To ensure that the most relevant features are used in building the surrogage model, feature selection is performed to search for the most optimal features from the preprocessed data.
Note
Feature selection is performed using the X_train and the y_train set.
To determine which features are useful for predicting the total energy and total costing we use:
MultiTaskLassoCV
Feature selection can be perfomed using any of the following estimator types when predicting the total energy or total costing:
Linear Regression
XGBRegressor
ElasticnetCV
LassoCV
Some details on the options are:
XGBRegressor and ElasticnetCV are often slow in selecting the features.
ElasticnetCV and LassoCV frequently selected same features.

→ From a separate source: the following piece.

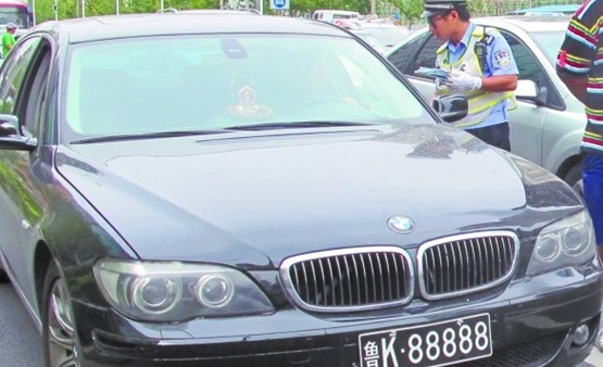 ????14日下午3時許,市南交警大隊寧夏路中隊套牌假牌緝查小組的民警在巡邏至福州南路時,發現一輛黑色寶馬轎車情況可疑,隨即將其攔下進行檢查。這輛黑色轎車是寶馬750Li,新車市場價值超過200萬元,而其懸掛的“魯K88888”黑色號牌看上去似乎比這輛寶馬轎車還要搶眼。可這幅車牌并不屬于這輛寶馬轎車。民警發現,該車沒有懸掛后車牌,而前車牌輕輕一拉就取了下來。經過數據庫信息對比后發現,號牌為“魯K88888”的車輛是一輛威海的奔馳轎車,顯然與眼前的這輛寶馬對不上號,該車系套牌車輛。

Although, LassoCV is used as the default estimator for feature selection, any of the other estimator type can be used by specifying the respective esimator type to the estimator_type parameter when performing feature selection.
Note
The json file that is created contains the key value “features” which represents the final features selected for modelling.
Build the surrogate model and predict energy use¶
The outputs from the preprocessing and feature selection steps are used as input to predict.py
to derive a trained model for predicting the energy and costing:
python predict.py input_config.yml
This script will output the trained model as a .h5 file for a Multilayer Perceptron model and .joblib for a Random Forest Model alongisde information on the training and testing performed for analysis. The outputs from this step will be used when obtaining predictions with the model.
The parameters to the above script are documented at: predict
.
The Machine Learning model which is used for training will vary depending on whether parameter tuning is or is not performed (total outputs only) and depending on whether the user selects the more complex or simplistic model. When hyperparameter tuning is used (total outputs only), the Keras Hyperband Tuner is configured to optimize the parameters based on the loss. The tuner also uses early stopping by monitoring the loss with a patience of 5. Once the tuner finishes, the optimized model is built and used for training.
If hyperparameter tuning is not performed, a default model which has been evaluated as a baseline for performance is used. There are two options for the default model, one with more hidden nodes and a lower learning rate and another with less hidden nodes and a larger learning rate.
Larger model: This model uses a single layer of 10000 nodes with the ReLU activation function. An optional 10% dropout layer is then applied. The adam optimizer is used with a learning rate of 0.0001.
Smaller model: This model uses a single layer of 56 nodes with the ReLU activation function. An optional 10% dropout layer is then applied. The adam optimizer is used with a learning rate of 0.001.
A customized RMSE loss function is defined and used for training which takes a sum of the labels and predictions before computing the RMSE loss.
The outputs will include breakdowns on the model’s overall performance and the model’s performance for each building type and climate zone. When working with breakdowns of the energy and costing values, these breakdowns will be done for all types of costing and energy.